Gianrico Tedeschi (20 April 1920 – 27 July 2020) was an Italian actor and voice actor.

Life and career
Born in Milan in April 1920, Tedeschi got a degree in pedagogy before enrolling at the Silvio D'Amico National Academy of Dramatic Art, which he abandoned after two years to make his professional debut with the Evi Maltagliati-Salvo Randone-Tino Carraro stage company. In the late 1940s he entered the Andreina Pagnani-Gino Cervi theatrical company, with whom he got his first personal success for his performance in the comedy play Quel signore che venne a pranzo.

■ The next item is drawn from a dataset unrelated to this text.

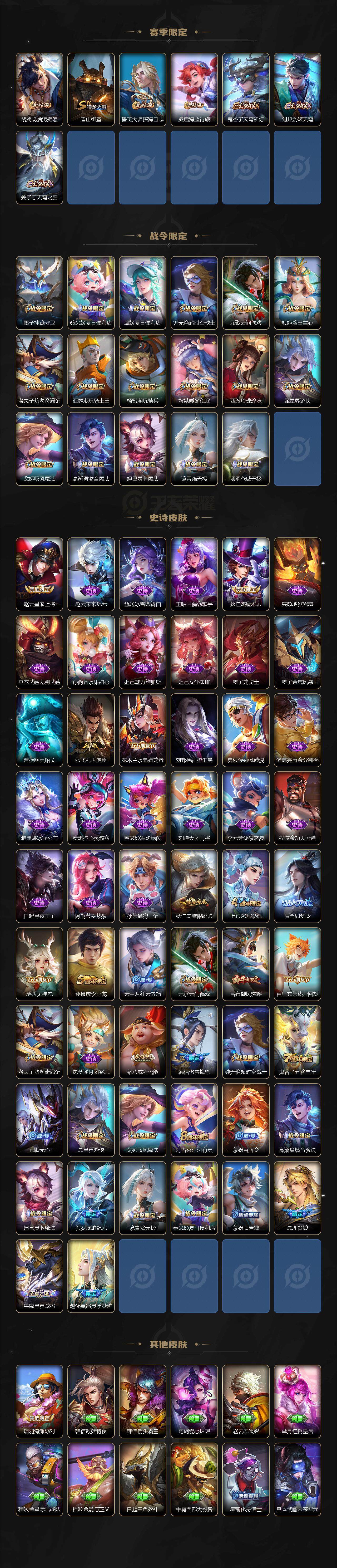 【游戏多多】【王者荣耀】【编号:3339472】【可二次实名】【wz1455】【商品标题】:安卓Q-V7-尊贵铂金I段位-122英雄-235皮肤-1典藏-0珍品无双-0无双-0珍品传说-12传说-55史诗 【荣耀典藏】:花木兰九霄神辉 【传说皮肤】:澜愿照九州拓,云缨幻光神枪,桑启鸣野蒿,夏侯惇霜北刀,铠冥王哈迪斯,澜电玩雷克斯,孙悟空齐天大圣,李信山海炽霜斩,铠绛天战甲,李信一念神魔,达摩黄金狮子座,花木兰冠军飞将 【限定皮肤】:夏侯惇霜北刀,铠冥王哈迪斯,暃埋骨钱,蒙犽顽岩魄,蔡文姬夏日便利店,虞姬夏日便利店,姜子牙天穹之誓,狄仁杰阴阳师,赵云皇家上将,墨子神迹守卫,高渐离玩趣恶龙,钟无艳超时空战士,吕布御风骁将,元歌云间偶戏,元歌无心,夏侯惇朔风刀,甄姬落雪兰心,狄仁杰魔术师,狄仁杰万华元夜,达摩沙漠行僧,项羽海滩派对,老夫子醍醐杖,老夫子航海奇遇记,程咬金演武夺筹,韩信傲雪梅枪,兰陵王金庭之子,亚瑟潮玩骑士王,孙悟空齐天大圣,后羿如梦令,李元芳云中旅人,钟馗驱傩正仪,杨戬潮玩骑兵,干将莫邪胡桃夹子,太乙真人华丽摇滚,鬼谷子原初探秘者,鬼谷子五谷丰年,苏烈千军破阵,弈星混沌棋,明世隐疑决卦,裴擒虎李小龙,裴擒虎擒涛扼浪,云中君纤云弄巧,李信山海炽霜斩,盾山御銮,猪八戒猪悟能,上官婉儿梁祝,嫦娥暖冬兔眠,西施玲珑珍味,鲁班大师探海日志,桑启海盐诗旅,暃星界游侠,戈娅驭风魔法,阿古朵江河有灵,张良古海寻踪,蒙犽百解令,高渐离燃音魔法,妲己灵卜魔法,鬼谷子天穹祈灯,伽罗琥珀纪元,刘邦剑破天穹,程咬金群星魔术团,镜青焰无极,项羽苍威无极,刘备异域游侠,周瑜熔金海岸 【年限皮肤】:吕布御风骁将,李信山海炽霜斩 【赛季限定】:夏侯惇朔风刀,狄仁杰万华元夜,达摩沙漠行僧,老夫子醍醐杖,程咬金演武夺筹,兰陵王金庭之子,张良古海寻踪,李元芳云中旅人,钟馗驱傩正仪,鬼谷子原初探秘者,苏烈千军破阵,弈星混沌棋,明世隐疑决卦,裴擒虎擒涛扼浪,盾山御銮,鲁班大师探海日志,桑启海盐诗旅,鬼谷子天穹祈灯,刘邦剑破天穹,姜子牙天穹之誓 【战令限定】:墨子神迹守卫,蔡文姬夏日便利店,虞姬夏日便利店,钟无艳超时空战士,元歌云间偶戏,甄姬落雪兰心,老夫子航海奇遇记,亚瑟潮玩骑士王,杨戬潮玩骑兵,嫦娥暖冬兔眠,西施玲珑珍味,暃星界游侠,戈娅驭风魔法,高渐离燃音魔法,妲己灵卜魔法,镜青焰无极,项羽苍威无极 【史诗皮肤】:赵云皇家上将,赵云未来纪元,甄姬冰雪圆舞曲,王昭君偶像歌手,狄仁杰魔术师,廉颇地狱岩魂,宫本武藏鬼剑武藏,孙尚香水果甜心,妲己魅力维加斯,妲己女仆咖啡,墨子龙骑士,墨子金属风暴,曹操幽灵船长,张飞乱世虎臣,花木兰水晶猎龙者,刘邦德古拉伯爵,夏侯惇乘风破浪,诸葛亮黄金分割率,雅典娜冰冠公主,安琪拉心灵骇客,蔡文姬舞动绿茵,刘禅天才门将,李元芳逐浪之夏,程咬金功夫厨神,白起星夜王子,阿轲节奏热浪,孙策猫狗日记,狄仁杰鹰眼统帅,上官婉儿梁祝,后羿如梦令,瑶遇见神鹿,裴擒虎李小龙,云中君纤云弄巧,元歌云间偶戏,吕布御风骁将,百里玄策热力回旋,老夫子航海奇遇记,沈梦溪月团寄思,猪八戒猪悟能,韩信傲雪梅枪,钟无艳超时空战士,鬼谷子五谷丰年,元歌无心,暃星界游侠,戈娅驭风魔法,阿古朵江河有灵,蒙犽百解令,妲己灵卜魔法,高渐离燃音魔法,伽罗琥珀纪元,镜青焰无极,蔡文姬夏日便利店,蒙犽顽岩魄,暃埋骨钱,牛魔星界战将,赵怀真器灵浮梦炉 【其他皮肤】:项羽海滩派对,韩信教廷特使,韩信街头霸王,阿轲爱心护理,赵云忍炎影,芈月红桃皇后,程咬金星际陆战队,程咬金爱与正义,白起白色死神,牛魔西部大镖客,扁鹊化身博士,宫本武藏未来纪元,安琪拉玩偶对对碰,姜子牙时尚教父,妲己少女阿狸,典韦黄金武士,亚瑟死亡骑士,花木兰兔女郎,张飞五福同心,甄姬花好人间,宫本武藏万象初新,后羿阿尔法小队,狄仁杰阴阳师,刘备纽约教父,刘备汉昭烈帝,钟无艳海滩丽影,王昭君幻想奇妙夜,狂铁命运角斗场,老夫子功夫老勺,孙尚香沉稳之力,诸葛亮掌控之力,李白敏锐之力,鬼谷子幻乐之宴,太乙真人华丽摇滚,苏烈坚韧之力,明世隐虹云星官,小乔丁香结,盾山御銮,孙膑归虚梦演,高渐离玩趣恶龙,沈梦溪鲨炮海盗猫,姜子牙炽热元素使,夏侯惇朔风刀,弈星混沌棋,哪吒次元突破,明世隐疑决卦,盾山圆桌骑士,老夫子醍醐杖,狂铁特工战影,鬼谷子原初探秘者,狄仁杰万华元夜,亚瑟潮玩骑士王,刘禅秘密基地,程咬金演武夺筹,张良缤纷绘卷,钟馗驱傩正仪,墨子神迹守卫,鲁班大师乓乓大师,苏烈千军破阵,典韦铁甲之心,干将莫邪胡桃夹子,达摩沙漠行僧,程咬金无双福将,兰陵王金庭之子,甄姬落雪兰心,李元芳云中旅人,戈娅危途狂花,桑启海盐诗旅,嫦娥暖冬兔眠,猪八戒潮玩探月行,牛魔牛运亨通,白起乐园追猎者,赵怀真太极少年,裴擒虎擒涛扼浪,杨戬潮玩骑兵,鲁班大师探海日志,西施玲珑珍味,李元芳妄想特派,张良古海寻踪,钟无

He later worked intensively with Luchino Visconti and with the Piccolo Teatro directed by Giorgio Strehler. He also toured in the United States, the Soviet Union, Paris and London.

In his variegated career, Tedeschi was very active as a voice actor, a dubber and a radio personality, and starting from the early 1950s he appeared in numerous films and TV series, even if often playing supporting roles. He appeared in 50 films between 1943 and 2013.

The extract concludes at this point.